JAKARTA - DUA Satuan Pendidikan Menengah dan Kejuruan (Dikmenjur) UPT Cabang Dinas Pendidikan Wilayah V untuk Satuan Pendidikan SMK Negeri 1 Tanjungpandan dan juga SMA Negeri 1 Tanjungpandan di ikutsertakan pada Kegiatan Koordinasi Rencana Aksi Nasional (RAN) Penyusunan Kurikulum Satuan Pendidikan Terintegrasi Pengembangan Geopark yang dilaksanakan di Hotel Mercure Jakarta Batavia yang diselenggarakan oleh Pusat Kurikulum dan Pembelajaran (Puskurjar) Kemdikdasmen RI pada tanggal 29 September sd. 01 Oktober 2025.
Kegiatan tersebut bertujuan diharapkan mampu menyusun Kurikulum Satuan Pendidikan yang kemudian akan menjadi contoh Panduan Penerapan Pembelajaran Mendalam diintegrasikan dengan Pengembangan Geopark didaerah-daerah yang memiliki potensi dan sumberdaya Geosite sebagai bentuk dari Pelestarian Geopark Nasional.

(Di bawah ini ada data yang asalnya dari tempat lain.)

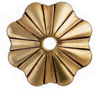
D-43 Oro victoriano 24k Victorian 24k gold plated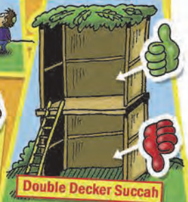
Double Decker Succah

Note: A Succah in a tree, on a camel or a boat cannot be used on Shabbat or Yom Tov , only on Chol Hamoed . A boat boarded before Shabbat or Yom Tov is permitted.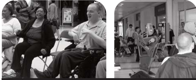
2008 Disability Awareness Day photos

Friday 26th June 10.00am - 3.00pm Elliman Square Queensmere Shopping Centre Slough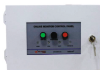
Online Monitor Control Panel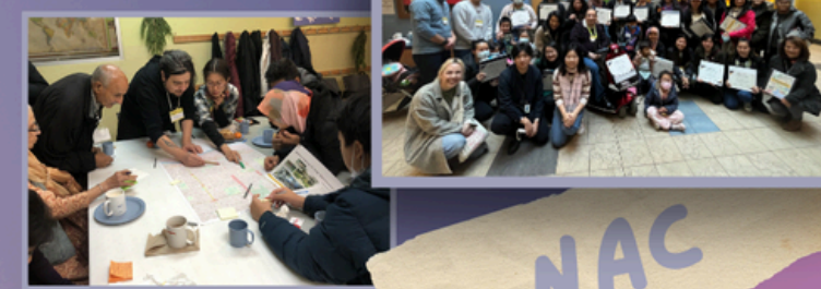
NAC training and engagement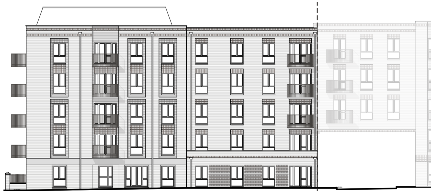
SOUTH ELEVATION (College Way)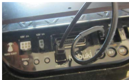
Fig. 2 Back of Turtlebot.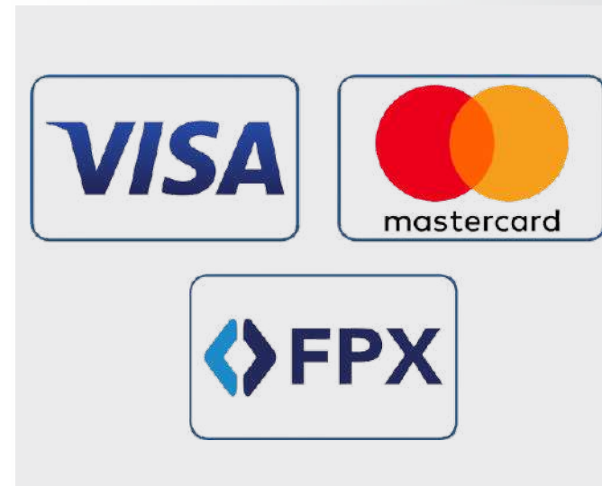
Visa, Mastercard and FPX, safe and stable payment method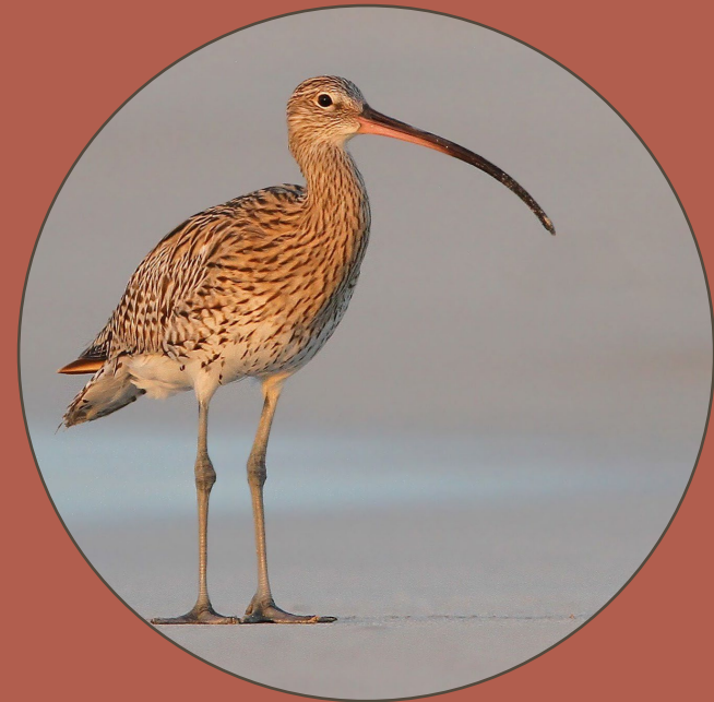
Eurasian curlew 200 Euro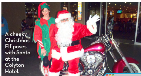
A cheeky Christmas Elf poses with Santa at the Colyton Hotel.

Welcome to the September edition of our newsletter. Below you'll find some exciting news on our new facebook page, new food workshop as well as highlights from some of our recent events.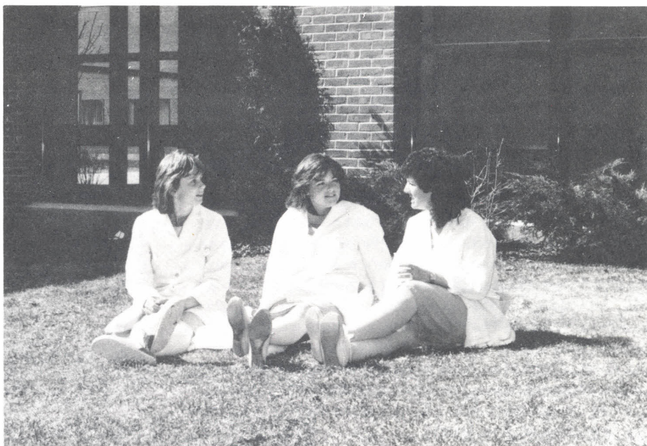
THE FIRST WARM DAYS OF SPRING last week brought winter-weary sun lovers out into the MMC courtyard for a dose of sunshine. For a closer look at the courtyard, see page 2.

The rate adjustment will keep the Medical Center's revenues within the patient care revenue limits permitted by the Maine Health Care Finance Commission. Increased demand for services, especially in ancillary areas (laboratory tests, radiology, operating rooms, etc.) had pushed revenues beyond budget projections for the first five months of the fiscal year.

Rencana Aksi Nasional (RAN) tahun 2025 ini merupakan upaya tindak-lanjut dari issue nasional pemerintah melalui BAPPENAS untuk pelibatan semua unsur nasional dalam memahami, menjaga dan melestarikan Geosite Nasional sehingga menimbulkan dampak pelestarian dan manfaat ekonomi lokal bagi masyarakat sekitar yang diimplementasikan pada pendidikan dan pembelajaran melalui Kurikulum Satuan Pendidikan sebagai bentuk aksi preventif dan prediktif terjaga serta terlestarikannya sumber daya nasional.
Koordinasi ini diharapkan mampu tersusunnya Kurikulum Satuan Pendidikan (KSP) yang terverifikasi serta tervalidasi secara nasional oleh Puskurjar Kemdiidasmen RI serta BAPPENAS yang kemudian harus diterapkan di Satuan Pendidikan pada Tahun Pelajaran 2026/2027, serta menjadi acuan serta piloting bagi satuan pendidikan lainnya di tingkat nasional untuk memasukan dan mengintegrasikan Keberadaan Geopark didaerah melalui Pembelajaran Terintegrasi pada Satuan Pendidikan.

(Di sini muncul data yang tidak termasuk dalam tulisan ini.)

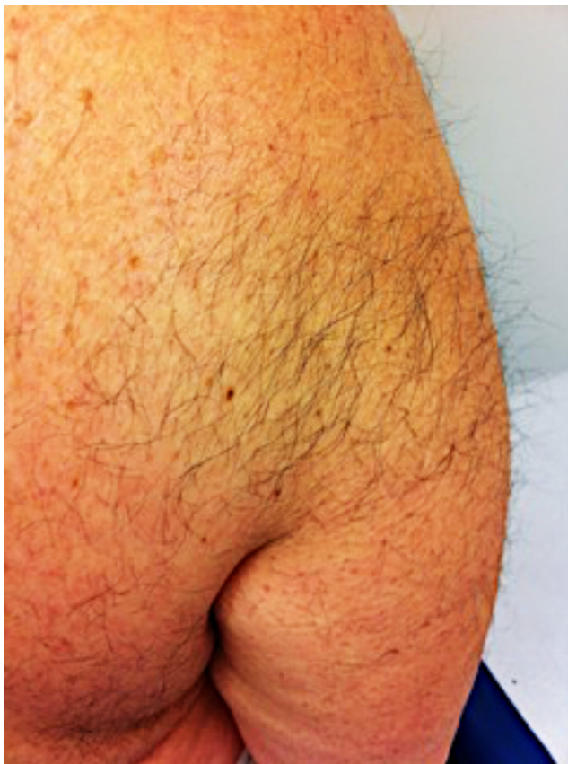
Figure 1 Marked skin redness and hirsutism on the back and right upper limb. Captioned on first consultation.

virilizing signs or symptoms (Fig. 1). Her menarche was at 13 years, she had regular menses until reaching menopause at 51 years and there was no pre or post-menopausal metrorrhagia history. She reported one uneventful pregnancy with term vaginal delivery, one 7-month in utero death for no clearly understood reason and one voluntary termination of pregnancy. She was diagnosed with essential hypertension and dyslipidemia at the age of 50 years and had progressive weight gain over the years. At the age of 56 years, she was diagnosed with type 2 diabetes. No previous surgeries were reported and family history was unremarkable. Her regular medication was metformin (2000 mg/day), losartan (50 mg/day) and spironolactone (25 mg/day). She was not taking any drug with androgenic effects. On physical examination, she had obesity (abdominal perimeter 109 cm, BMI 37 kg/m 2 , class II of WHO classification) and had evident frontotemporal alopecia and increased terminal hair growth, particularly on her back, arms and forearms.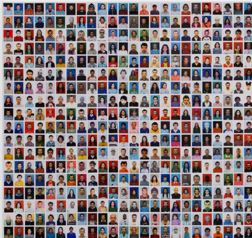
miss fotojapón, 1998-2022, Inkjet Prints mounted on MDF box frame, 100 x 100 x 5 cm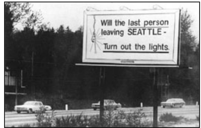
Will the Last Person Leaving Seattle... billboard, 1971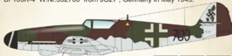
6 Bf 109K-4 W.Nr.332700 from JG27, Germany in May 1945.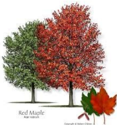
Burgandy Belle Red Maple 2" 35' to 50' Mature Height Tree Habit: Dark Green/Fall Color Quantity Purchased _____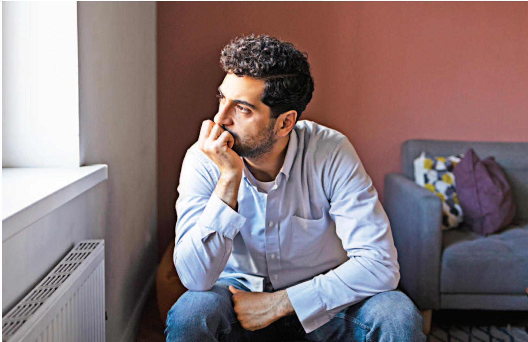
A man pictured with all the friends he thought the iPhone 16 would help him make.

Pendampingan penyusunan difasilitasi langsung oleh Tim Puskurjar Kemdikdasmen serta dipantau langsung oleh Tim BAPPENAS melalui 4 tahapan kegiatan meliputi Koordinasi Nasional yang menghasilkan Rerangka KSP Terintegrasi Geopark, Pengembangan KSP, Penyusunan Modul Ajar dan atau RPM Terintegrasi, serta finalisasi dan validasi KSP Terintegrasi dalam bentuk dokumen siap gunakan.

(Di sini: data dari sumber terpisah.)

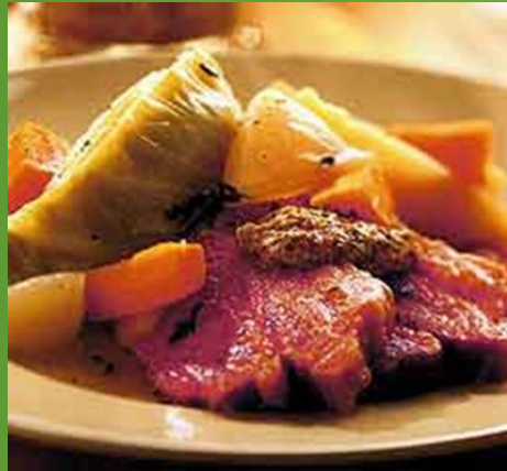
BACON AND CARBAGE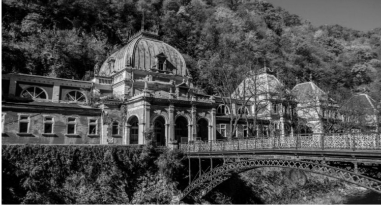
Figure 2. Băile Neptun/ Neptun Baths and the iron bridge over Cerna River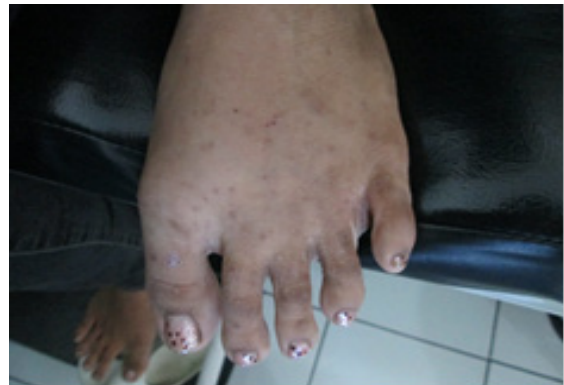
Figure 2. Papules and vesicles located at patient's foot

corporis and prurigo. The diagnosis of scabies is however based primarily on clinical examination. From the physical examination, there were no fine scales found at the skin lesions or hyper pigmentation of the skin.

Melalui Kegiatan Koordinasi Rencana Aksi Nasional (RAN) Penyusunan KSP Terintegrasi Pengembangan Geopark ini diharapkan kepada kita insan pendidikan dan satuan pendidikan akan mampu membangun karakter bangsa dan nasional melalui satuan pendidikan dan pembelajaran, sehingga keberadaan geopark nasional akan terjaga serta terlestarikan potensi geosite didaerah dan berdampak pada adanya manfaat ekonomi bagi masyarakat sekitar yang dilakukan melalui pembelajaran, demikian ungkap Kepala Puskurjar Ibu Dr. Lakmi diacara penutupan kegiatan Koordinasi tanggal 01 Oktober 2025.